# Trimac Male (load warning)



## TheOscarGuy (Sep 8, 2006)

Here is the second part of my Trimac pair. I did not post any pics of him earlier, as he started coloring (in throat, and a yellow body overall) only recently.

He has become quite interactive over the past couple of months - most of the time begging for food, or trying to attack me through glass.

BTW, he is called Brute 

Enjoy!


----------



## nimboman (Jan 11, 2008)

Love that greenish-yellow color.


----------



## Desi&lt;3 (Feb 13, 2008)

WOW pretty! :drooling:


----------



## convictkid (Jul 28, 2004)

So what kind of fish are compatible with these, im probably getting a 120 and I want a pair of these guys and something else, suggestions?


----------



## TheOscarGuy (Sep 8, 2006)

Thanks a lot, for the comments.



convictkid said:


> So what kind of fish are compatible with these, im probably getting a 120 and I want a pair of these guys and something else, suggestions?


I got him at ~2", and I had two male convicts with him since then. Growing up, one male convict was killed - the other one is still with the Tri male so far.

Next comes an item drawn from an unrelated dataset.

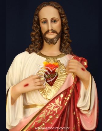 Imagem do Sagrado Coração de Jesus modelo tradicional 80cm. Estátuas perfeitas, qualidade e alta resistência. Arte sacra, modelo de escultura católica exclusivo Artesanato Costa.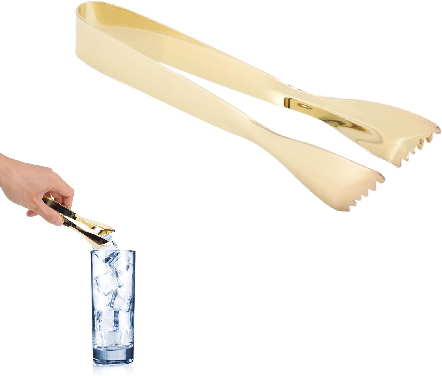 STAINLESS STEEL MATERIAL: The ice pliers are made of food grade stainless steel, which is safe, stable, rust proof, and durable. Gold can easily complement your bar utensils and home decor.

I have tried other dithers/target fish with no luck. He only tolerates the convict right now. My guess is, that is because of the fact that he has been with him since he was very young. Long term though I can not say, since I have had him for a little over a year. I would suggest one (or two) male convicts, based on my (limited) experience.


----------



## convictkid (Jul 28, 2004)

how big is he now? How long did it take him to reach this from 2 inches


----------



## TheOscarGuy (Sep 8, 2006)

convictkid said:


> how big is he now? How long did it take him to reach this from 2 inches


I would guess ~8" at the moment. After initial growth in which he very quickly grew to ~7", he has slowed down now and is putting on more mass. I got him almost at the same time, last year - so I would say he took that much to grow to his current size.


----------



## ArcticCatRider (Jul 13, 2007)

man, that is 1 amazingly beautiful flowerhorns.
sadly, my flowerhorn died a few months back at about 14 inches long, 3 inches thick in the head, and, beautifully colored...
But, how old is yours?
I'd steal him from you....LOL  :lol:


----------



## convictkid (Jul 28, 2004)

Thats not a flowerhorn. A flower horn is something crossed some kind of hybrid. Trimacs are true breed I believe


----------



## dwarfpike (Jan 22, 2008)

Yes, sadly trimacs are the primary fish flowerhorns are made from ... this fish deffinately does not need to be "improved" at all. Very beautiful fish. :thumb:


----------



## ArcticCatRider (Jul 13, 2007)

Well, guys, sorry about that then, it's just that so many people I knew/know called trimacs flowerhorns, and everything and I've heard it from experienced aquarists, and that's where I got it.
Still, either, that is a **** good looking fish.


----------



## gage (Feb 7, 2007)

trimacs are the main fish in the classic flowerhorns, what we call old school flowerhorns.

nice trimac, dont see many pure trimacs, and its nice to see, even though my fav fish out there are flowerhorns.


----------



## heylady (Oct 14, 2004)

Beautiful fish that's for sure!! :thumb:


----------



## MidNightCowBoy (May 7, 2007)

Very cool fish. His name seems appropriate.


----------